Он охотно беседует со мной, развивая свои взгляды относительно свободы, сильной личности. Ото всего веет, как и от черного флага, развевающегося там на улице — темной зияющей бездной смерти, глядящей из глазных впадин черепа.

Грустно, грустно, как на кладбище! Так жалко этих молодых людей, души которых отравлены ядом смерти. Настрадались они и озлобились, не видя света, — а душа томится в тисках несвободы, в беспощадных оковах «священного закона железной решетки». «Тесно орлу в клетке». И если нет сил освободиться, то хоть попытаться разнести вдребезги напором могучего разлета ненавистные железные прутья! И тут же сложить свою буйную голову. Лучше умереть за свободу, чем томиться в неволе. Но ведь еще лучше жить в радостной, творческой свободе — без Бога она недоступна человеку. Разве не принес нам Христос Евангелие свободы: «Познаете истину — и истина сделает вас свободными».

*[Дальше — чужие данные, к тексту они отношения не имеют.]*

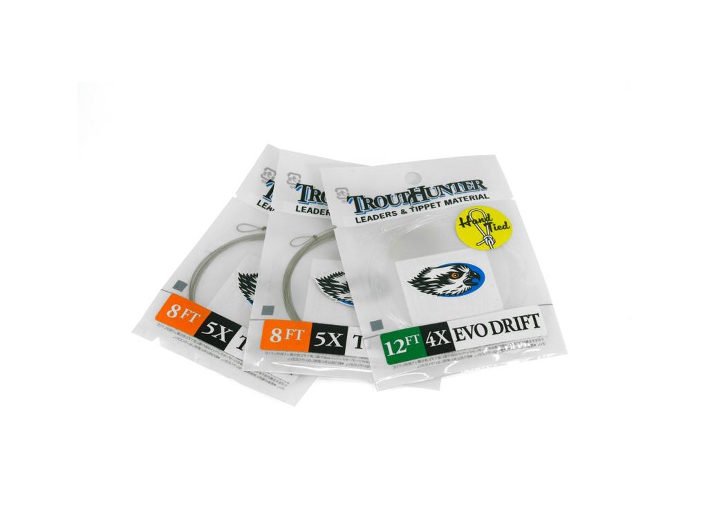 The new standard in leaders! These leaders come with loops that are far superior to any other loops available on the market. TroutHunter's perfection loops are created smaller than the competition and sealed so they will easily travel through rod guides and match nicely with welded fly line loops. EVO Drift are the ultimate in leaders. The improved performance is achieved through the application of our EVO coating to our leader material. EVO coating results in much stronger knot strengths with no noticeable increase in diameter. EVO also adds a measure of durability in combating abrasion and repels water. Memory is nearly non-existent and the leaders are tapered to provide strong turn over and produce drag free drifts over the most technical fish. The result is a family of leaders which will excel at dry fly fishing in all situations. Available as 9’ and 12’ leaders.
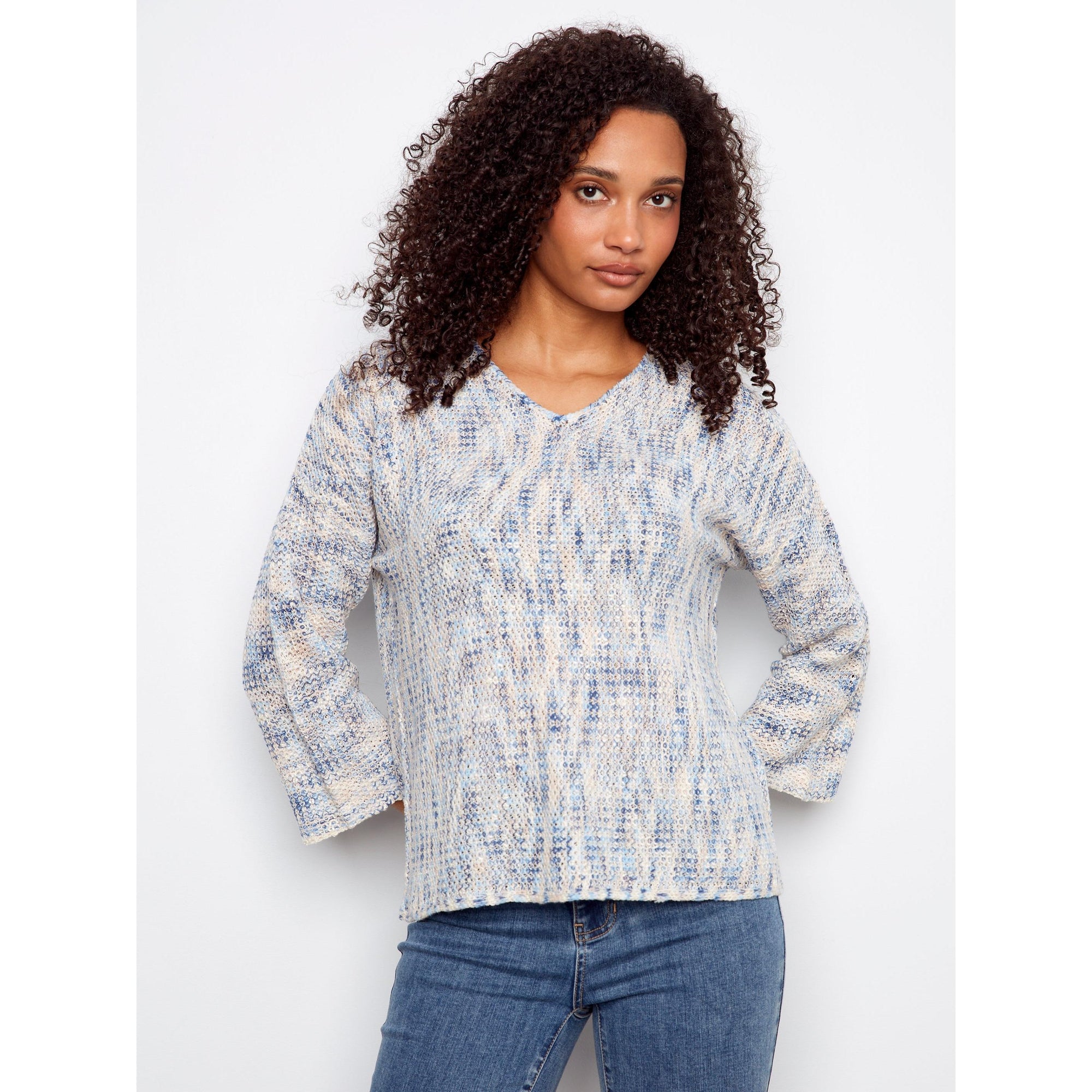 Breezy, soft, and effortlessly chic, this open-knit V-neck sweater is your go-to layer for cozy comfort with a modern twist. Featuring a relaxed fit and dropped shoulders and 3/4 sleeves, it drapes beautifully in shades of blue, white, and cream, making it perfect for layering over tees, tanks, or dresses. Light, airy, and timeless, it’s the sweater that feels like an easy hug on any day.

«Всякий делающий грех есть раб греха... если Сын освободит вас, то вы истинно будете свободны».

На мои слова Лев Черный усмехнулся мягкой грустной улыбкой...

В религию он не верит, хотя и уважает искреннюю, свободную веру. Увы, ему знакома лишь религия богорабства, и неведома свобода богосыновства.

Прощаясь, он направляет меня к заведующему отделом пропаганды, и тот снабжает меня анархистской литературой.

 

- 57 -

С интересом он выслушивает мое приглашение на религиозные собрания, выражая им сочувствие уже потому, что они свободные.

Несколько позже, проходя по Собачьей площадке у Арбата мимо красивого особняка бывшего сербского посольства, я прочитал Ира нем надпись:

«Союз немедленных социалистов».

Вхожу. Это опять секция анархистов. Мне охотно дают объяснения относительно данной фракции. За столом сидят и пьют чай.

Живут на началах коммуны, причем на нужды партии производятся экспроприации магазинов по ордеру комитета.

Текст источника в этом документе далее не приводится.